Alternative splicing tools to detect aberrant splicing events from RNAseq data. (A) Boxplot showing statistically significant splicing events per sample identified by FRASER for a |Δ PSI| > 0.1 cutoff, FRASER for a |Δ PSI| > 0.3 cutoff, FRASER2, LeafCutterMD, and rMATS‐turbo. (B) Aberrant splicing junctions identified by each splicing tool and the overlapping events identified among them. (C) Pathogenic or Likely Pathogenic splicing events (detailed in Table 2) correctly detected by each tool. (D) Three examples of aberrant splicing events that can be detected with RNAseq. Upper panel: Intron retention and multiple low‐abundant transcripts produced due to the CAPN3(NM_000070.3):c.1746‐20C>G variant. Middle panel: Intron retention, caused by the missense variant TTN(NM_001267550.2):c.57262G>C, p.(Val19088Leu) in Case 28. Lower panel: Pseudoexon inclusion in the DMD gene due to the deep intronic variant DMD(NM_004006.3):c.10554‐2996T>G. PSI, percentage spliced in; RNAseq, RNA sequencing.

FIGURE 3

RYR1 alternative splicing in Case 22 due to a synonymous variant. (A–F) HE staining on muscle biopsy showing marked variability in fiber size, nuclear internalization and centralization with increased endomysial connective tissue (A). Several muscle fibers contain dark blue‐reddish irregular areas (arrows in B), devoid of ATPase activity (D). Some fibers contain well‐defined cores (single arrows in E), and others have irregular areas of myofibrillar disorganization (double arrows in E). In addition, some fibers contain collections of small nemaline bodies (arrows in C). There is type 1 fiber uniformity (D). (G) Sashimi plot of exons 48 and 49 showing alternative (139 junction counts) and wild‐type transcripts (813 junction counts) caused by the RYR1(NM_000540.3):c.7833C>T, p.(Cys2611=) variant. As represented in the lower panel, the aberrant transcript (dashed line) contains a 4‐bp exon deletion leading to a premature termination codon (p.(Ala2612Thrfs*132)). (H) OUTRIDER expression rank plot of RYR1 gene showing reduced expression in Case 22. COX, cytochrome c oxidase; HE, hematoxylin and eosin; NADH, nicotinamide adenine dinucleotide.

FIGURE 4

Single exon deletion mosaicism in COL6A1. (A) Immunofluorescence of Collagen‐VI from the proband's fibroblast (upper panel) showing decreased Collagen‐VI intensity compared to control and a diffuse microfibrillar pattern.
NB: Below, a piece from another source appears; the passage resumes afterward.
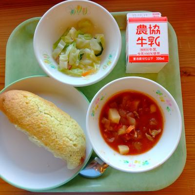 今日の献立は、「メロンパン・牛乳・ベーコンサラダ・ポークビーンズ」です。メロンパンは、コッペパンの上に

Permeabilized cells (lower panel) show a marked Collagen‐VI intracellular retention. In the father (Case 10), Collagen‐VI staining and microfibrillar patterns are similar to controls and no intracellular Collagen‐VI retention occurs in permeabilized cells. (B) Sashimi plot of the father's muscle RNAseq revealed 15% of transcripts with exon 9 skipping, not present in any other sample in the cohort. (C) Exon 9 skipping was validated in the father's and proband's fibroblasts through RT‐PCR, evident in 12.3% and 47% of the transcripts in the father and proband, respectively. (D) IGV screenshot of GS from peripheral blood for the father and proband, showing a deletion encompassing exon 9 (split‐reads) in heterozygosity in the proband and mosaicism in the father. GS, genome sequencing; IGV, Integrative Genomics Viewer; RNAseq, RNA sequencing; RT‐PCR, reverse transcription polymerase chain reaction.